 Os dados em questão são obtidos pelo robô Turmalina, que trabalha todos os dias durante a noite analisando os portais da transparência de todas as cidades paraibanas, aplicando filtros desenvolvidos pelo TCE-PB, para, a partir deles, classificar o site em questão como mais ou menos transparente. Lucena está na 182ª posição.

==

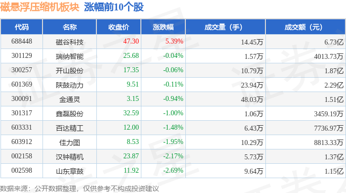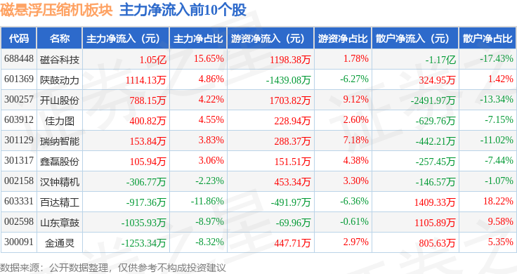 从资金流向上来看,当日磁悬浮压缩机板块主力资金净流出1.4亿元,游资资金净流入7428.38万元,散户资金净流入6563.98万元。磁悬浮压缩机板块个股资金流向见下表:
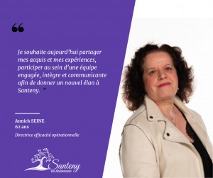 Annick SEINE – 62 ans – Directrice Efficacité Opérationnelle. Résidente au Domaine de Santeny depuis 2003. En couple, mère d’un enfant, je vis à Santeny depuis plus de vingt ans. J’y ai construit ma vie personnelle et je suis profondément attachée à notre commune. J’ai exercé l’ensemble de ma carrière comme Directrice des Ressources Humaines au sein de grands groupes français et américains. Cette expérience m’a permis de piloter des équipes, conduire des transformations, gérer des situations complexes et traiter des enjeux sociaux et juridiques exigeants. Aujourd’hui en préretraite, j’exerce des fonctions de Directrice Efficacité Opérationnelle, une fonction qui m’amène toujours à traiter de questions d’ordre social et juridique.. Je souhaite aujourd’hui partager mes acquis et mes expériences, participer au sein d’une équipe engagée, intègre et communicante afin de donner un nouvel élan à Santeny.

*WHAT TO WORK ON*: Copy needed, without pictures: the lines of the listing above from the line containing "从资金流向上来看,当日磁悬浮" up to and including the line containing "Annick SEINE –", set down exactly.

*SOLVED PROBLEM*:
 从资金流向上来看,当日磁悬浮压缩机板块主力资金净流出1.4亿元,游资资金净流入7428.38万元,散户资金净流入6563.98万元。磁悬浮压缩机板块个股资金流向见下表:
 Annick SEINE – 62 ans – Directrice Efficacité Opérationnelle. Résidente au Domaine de Santeny depuis 2003. En couple, mère d’un enfant, je vis à Santeny depuis plus de vingt ans. J’y ai construit ma vie personnelle et je suis profondément attachée à notre commune. J’ai exercé l’ensemble de ma carrière comme Directrice des Ressources Humaines au sein de grands groupes français et américains. Cette expérience m’a permis de piloter des équipes, conduire des transformations, gérer des situations complexes et traiter des enjeux sociaux et juridiques exigeants. Aujourd’hui en préretraite, j’exerce des fonctions de Directrice Efficacité Opérationnelle, une fonction qui m’amène toujours à traiter de questions d’ordre social et juridique.. Je souhaite aujourd’hui partager mes acquis et mes expériences, participer au sein d’une équipe engagée, intègre et communicante afin de donner un nouvel élan à Santeny.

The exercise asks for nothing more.